Quelles sont les différences entre une contravention, un délit et un crime ?

Vérifié le 08/12/2021 – Direction de l’information légale et administrative (Première ministre), Ministère chargé de la justice

Les contraventions, les délits et les crimes sont les 3 types d’infractions punies par une sanction pénale (amende ou prison). La principale différence se trouve au niveau de la gravité de l’acte et de la sanction. La contravention est la moins grave des 3 infractions, le délit est l’infraction intermédiaire et le crime est l’infraction la plus grave. Une autre différence concerne les juridictions compétentes pour juger les auteurs de ces infractions et les délais de prescription applicables.

La contravention est la moins grave des infractions. Elle est classée en 5 catégories, de la moins grave (contravention de 1ère classe), à la plus grave (contravention de 5ème classe). Exemples de contravention : menace de dégradation, dégradation légère d’un bien, violences légères.

Le délit est une infraction de gravité moyenne, entre la contravention et le crime.

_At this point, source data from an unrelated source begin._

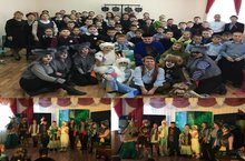 Бүген мәктәбебездә Әтнә дәүләт драма театрының "Кәҗә белән сарык маҗаралары" дигән спектаклен карадык. Г.Тукай әсәрләрен эченә алган бу музыкаль тамаша укучылар өчен тәрбияви чара булды. Артистларга чын күңелдән рәхмәт, эшләрендә иҗади уңышлар телибез.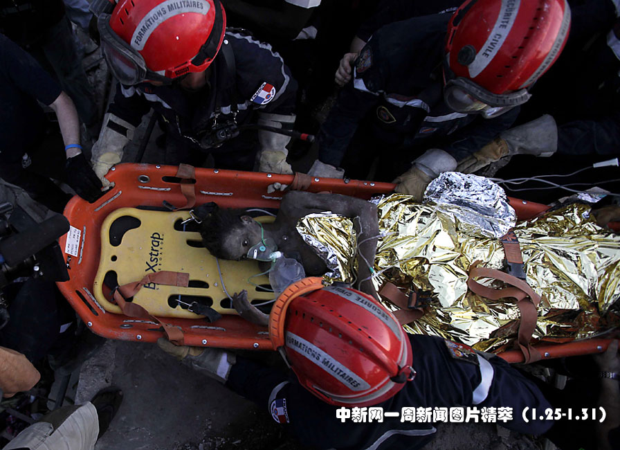 1月27日(周三),法國搜救隊從海地太子港的廢墟中救出一名少女,這名少女埋在廢墟中已超過兩周時間。圖片來源:中國新聞網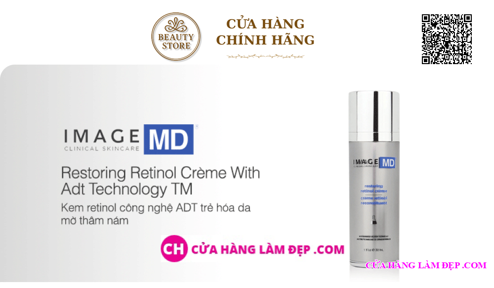 - Kem retinol công nghệ ADT trẻ hóa da, mờ thâm nám Image MD Restoring Retinol Crème With Adt Technology TM giúp giảm thiểu sự xuất hiện của nếp nhăn và làm nổi bật tông màu da, đồng thời làm sống lại làn da. Các thành phần hoạt tính được đưa vào các lớp sâu hơn của da thông qua công nghệ phân phối chăm sóc da tiên tiến IMAGE Skincare. Không chứa paraben. Được xây dựng bởi các bác sĩ phẫu thuật thẩm mỹ cho kết quả tối đa.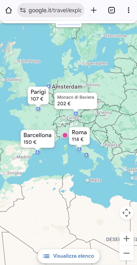 Google Flights è la funzionalità del gigante delle ricerche online per comparare i prezzi dei voli e offrire anche informazioni sulle tendenze di prezzo e previsioni sulle fluttuazioni tariffarie. Per accedervi, da Google cerca “Google Voli”. La mappa interattiva ti permette di esplorare destinazioni in base al budget disponibile o al periodo di viaggio, evidenziando offerte interessanti in diverse regioni del mondo. I suggerimenti immediati sulle date alternative più economiche, i grafici dei prezzi e la possibilità di monitorarli aiutano a pianificare con tranquillità. L’opzione “Condividi” facilita la condivisione delle ricerche con i tuoi compagni di viaggio.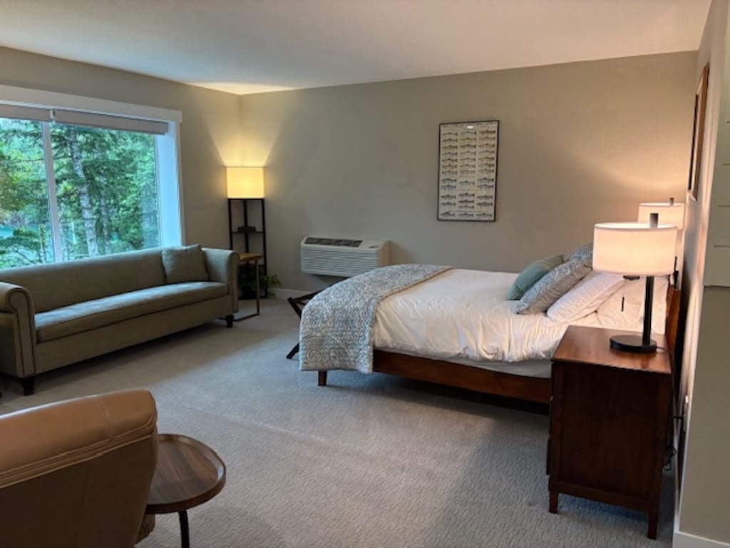 At the waters edge of Lake Tapps you’ll find our cabana. It’s hidden and private within our residential property. You’ll have the entire waterfront to yourself. Fish off the dock, kayak, or just relax in seclusion. Outdoors you’ll find a large covered porch, fireplace and hot tub. Inside- a queen wall Bed, small sofa bed, fireplace, cable TV, Wifi. Neighbors are not close. Please be aware the shower is in an outdoor room accessed through the bathroom.

Exemples de délit : vol, abus de biens sociaux, discrimination, harcèlement moral, attouchements sexuels, homicide involontaire.

Le crime est l’infraction la plus grave. Exemples de crime : meurtre, viol.

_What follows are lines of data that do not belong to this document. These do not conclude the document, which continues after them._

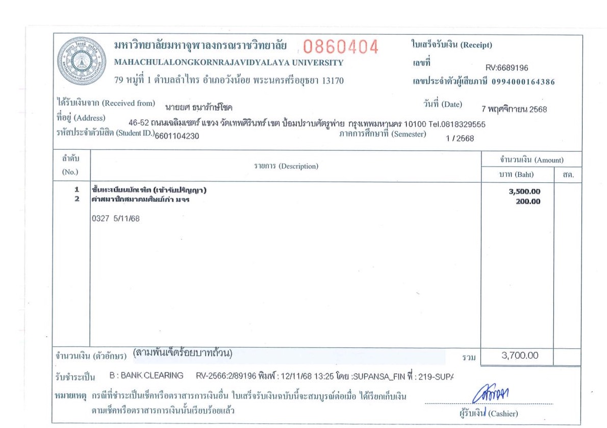 | รหัสนิสิต : 6601104230 | ชื่อ : นายยศ | ฉายา: - | นามสกุล: ธนารักษ์โชค |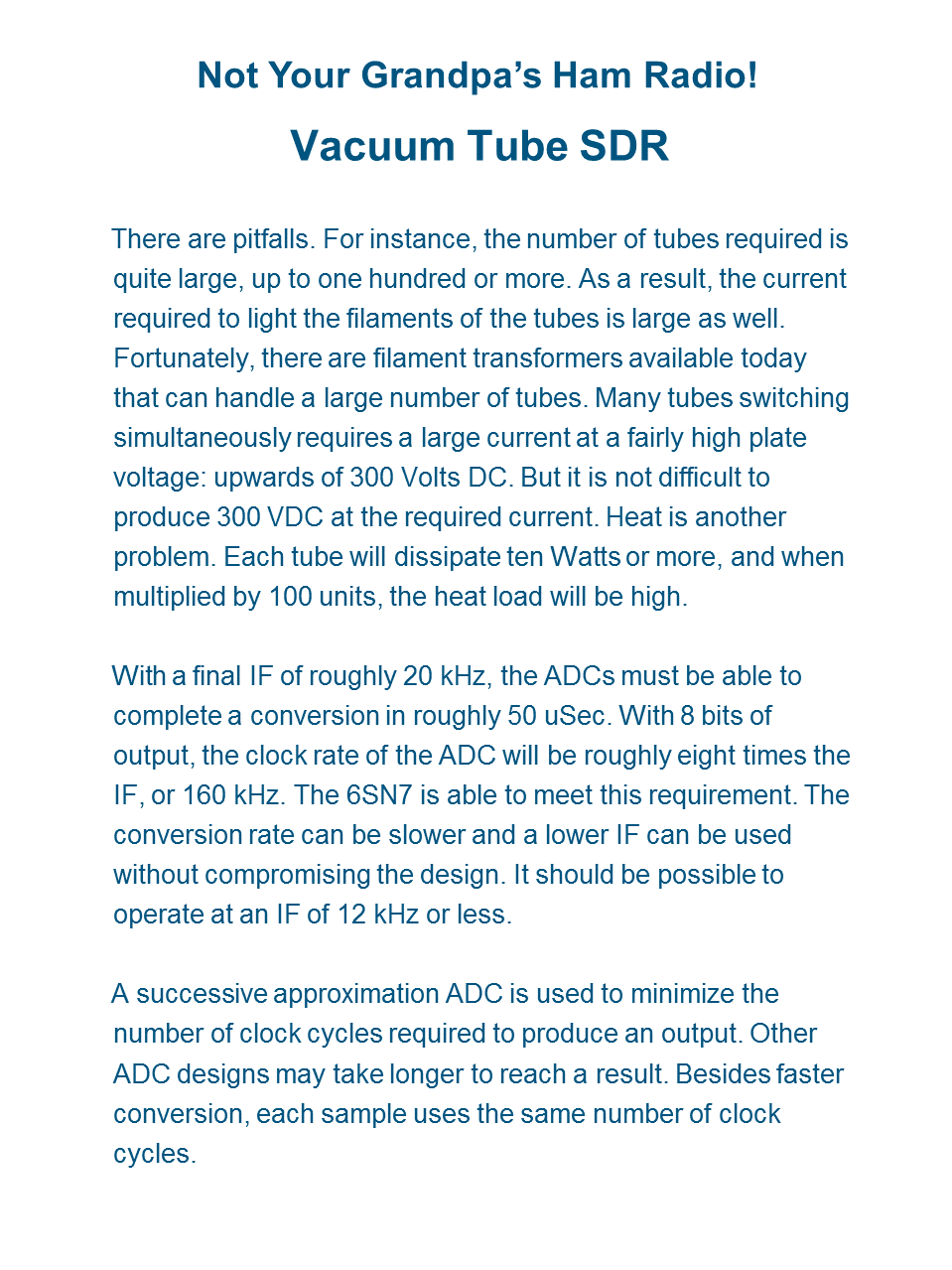 This is an interesting mix of old and new. Dennis Kidder, W6DQ, came up with this idea. Vacuum tubes are fully capable of performing many of the same functions as modern solid-state devices.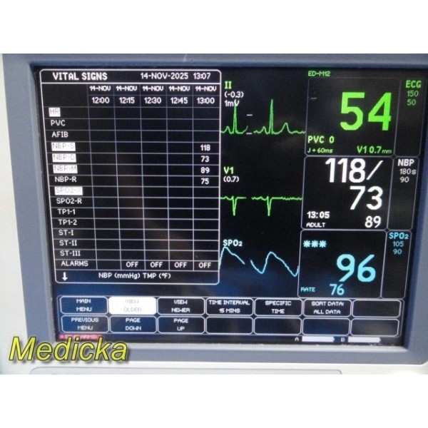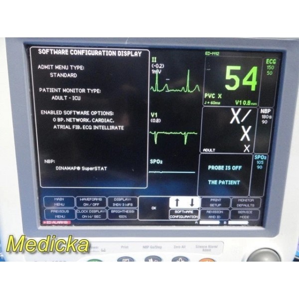 - Enabled Software Options: NIBP, Network, Cardiac, Atrial Fibrillation, ECG IntelliRate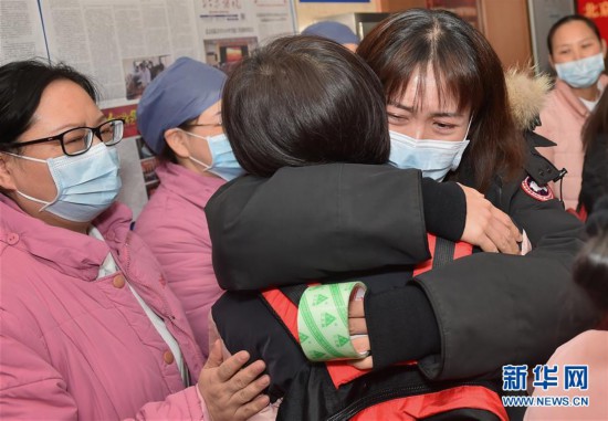 1月26日,在北京医院,同事拥抱送别援鄂抗疫医疗队队员(背红色背包者)。新华社发(彭子洋 摄)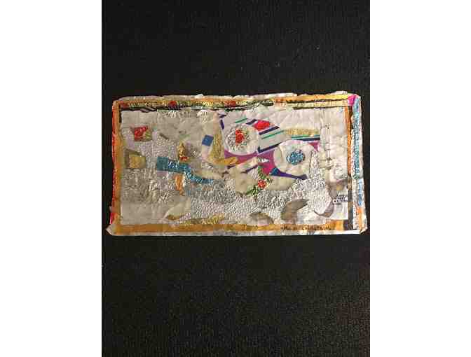 You are bidding on a small, rectangular, approximately 3-1/4" X 6", unframed collage with prominent silver tones and brilliant touches of color made from candy wrappers. Gladys Hack Goldstein (1918 -2010) was an abstract painter inspired by nature, who used light, layers, and glorious shapes to convey what was always bursting to be expressed. Mrs. Goldstein studied in Mexico, Santa Fe, and many other places, but she was born, lived most of her life, and produced her largest body of work in Baltimore. She spent her whole life drawing, painting, making paper, creating mixographias and collages, and sculpting because it was her life's calling--it was in her DNA. Her work is in many public and private collections throughout the United States and Europe. The University of Maryland University College exhibition in 2004, "Capturing the Essence: The Art of Gladys Goldstein," celebrated the opening of the Gladys Goldstein Gallery in the UMUC Inn and Conference Center. This gallery is the university's first permanent display of contemporary abstract art.

Selon leur gravité, les infractions peuvent être punies d’une amende et/ou d’une peine d’emprisonnement. Des peines complémentaires peuvent être prononcées en plus de la peine principale d’amende ou de prison. Par exemple, une obligation de soins.

Amende

Amende correspondant à l’infraction

Infraction

Montant de l’amende

Contravention

1ère classe

38 € maximum

2ème classe

150 € maximum

3ème classe

450 € maximum

4ème classe

750 € maximum

5ème classe

1 500 € ou 3 000 € en cas de récidive au maximum

Délit

3 750 € au moins

Crime

3 750 € au moins

 Attention :

certaines contraventions des 4 premières classes sont punies par une amende forfaitaire. Les montants sont alors plus bas.

Peine de prison

Peine d’emprisonnement correspondant à l’infraction

Infraction

Peine de prison encourue

Contravention

Aucune

Délit

De 2 mois à 10 ans

Crime

De 15 ans à la perpétuité (prison à vie)

Peines complémentaires

Peines complémentaires applicables à l’infraction

Infraction

Peines possibles

Contravention

– Peines privatives ou restrictives de droit (suspension ou retrait de permis, confiscation d’un bien, interdiction d’émettre des chèques, etc.)

– Peines de sanction-réparation (remise en état d’un objet détérioré par exemple)

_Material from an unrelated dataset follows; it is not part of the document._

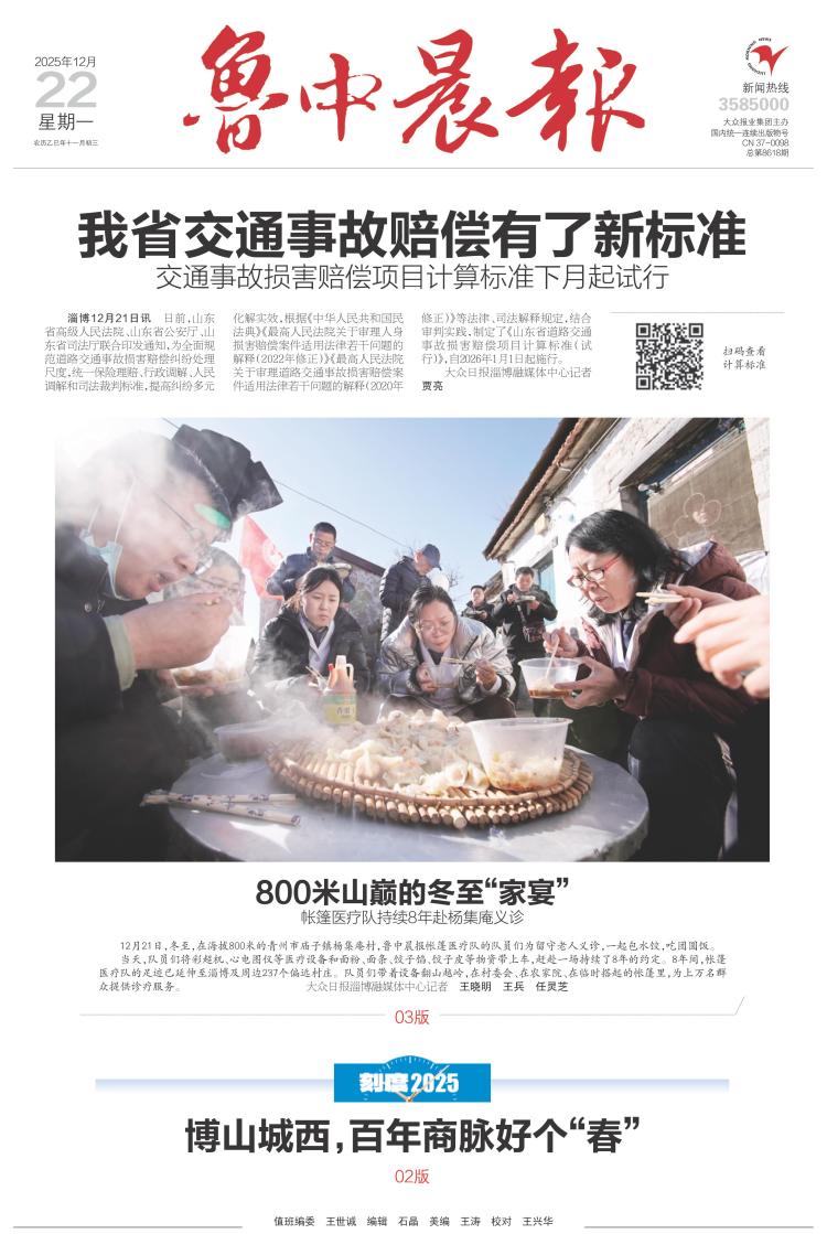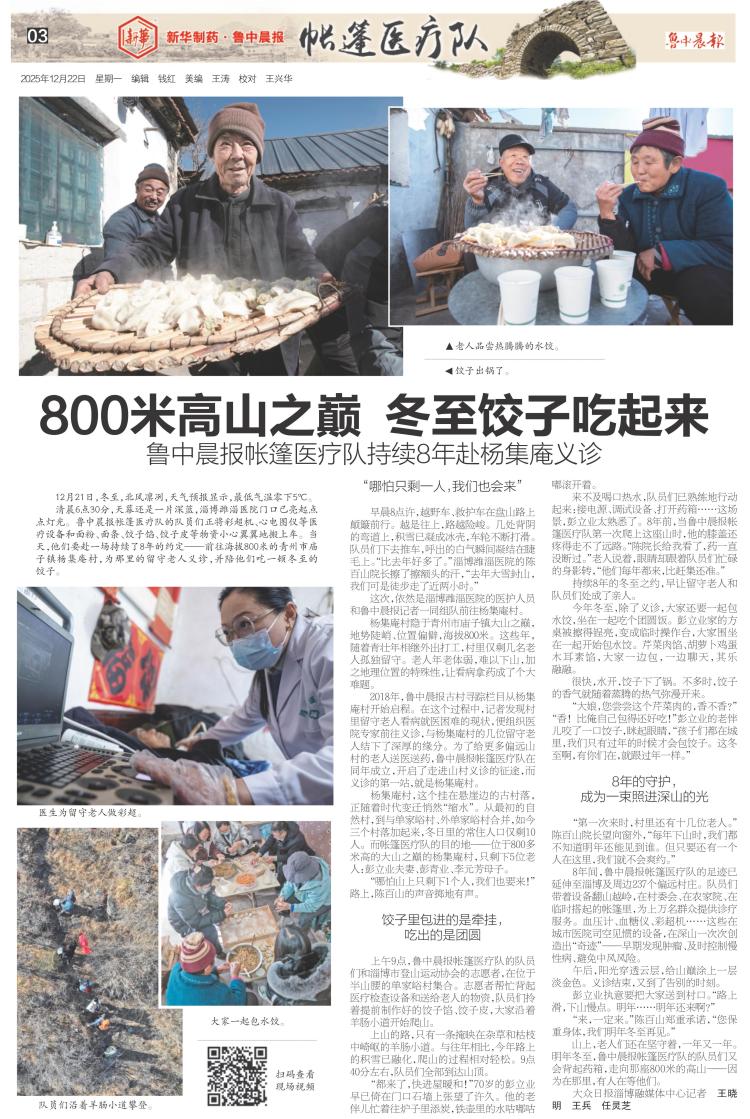 12月21日,冬至,在海拔800米的青州市庙子镇杨集庵村,鲁中晨报帐篷医疗队的队员们为留守老人义诊,一起包水饺,吃团圆饭。

– Stages de sensibilisation : à la lutte contre l’achat d’actes sexuels, aux dangers de l’usage de stupéfiants, à la sécurité routière, …

Délit

Stage de citoyenneté

Travail d’intérêt général

– Contraintes diverses (interdictions, confiscations, injonction de soins…)

– Peines complémentaires (ou alternatives) des contraventions

Crime

Contraintes diverses (interdictions, confiscations, injonction de soins, etc.)

  À savoir

parfois, le travail d’intérêt général peut être proposé à la place de la peine d’emprisonnement et non comme peine complémentaire.

Une juridiction différente juge les auteurs de chacun des 3 types d’infraction.

Juridictions compétentes en fonction de l’infraction

Infraction

Juridiction

Contraventions

Tribunal de police

Délit

Tribunal correctionnel

Crime

Cour d’assises

 À noter

si une même affaire regroupe plusieurs infractions (un vol et un meurtre par exemple),c’est la juridiction saisie de l’infraction la plus grave qui juge toutes les infractions. Par exemple, la cour d’assises juge les délits (vol) associés à un crime (meurtre).

Le délai de prescription est le délai pendant lequel une infraction peut être poursuivie. Il se calcule généralement à partir de la date des faits concernés. Un délai de prescription différent s’applique pour chaque type d’infraction.

Délais de prescription en fonction de l’infraction

Infraction

Délai ordinaire

Contravention

1 an

Délit

6 ans

Crime

20 ans

 Attention :

le délai de prescription est de 30 ans pour certains crimes considérés comme particulièrement graves (terrorisme, crime sexuel sur mineur, traite des êtres humains par exemple).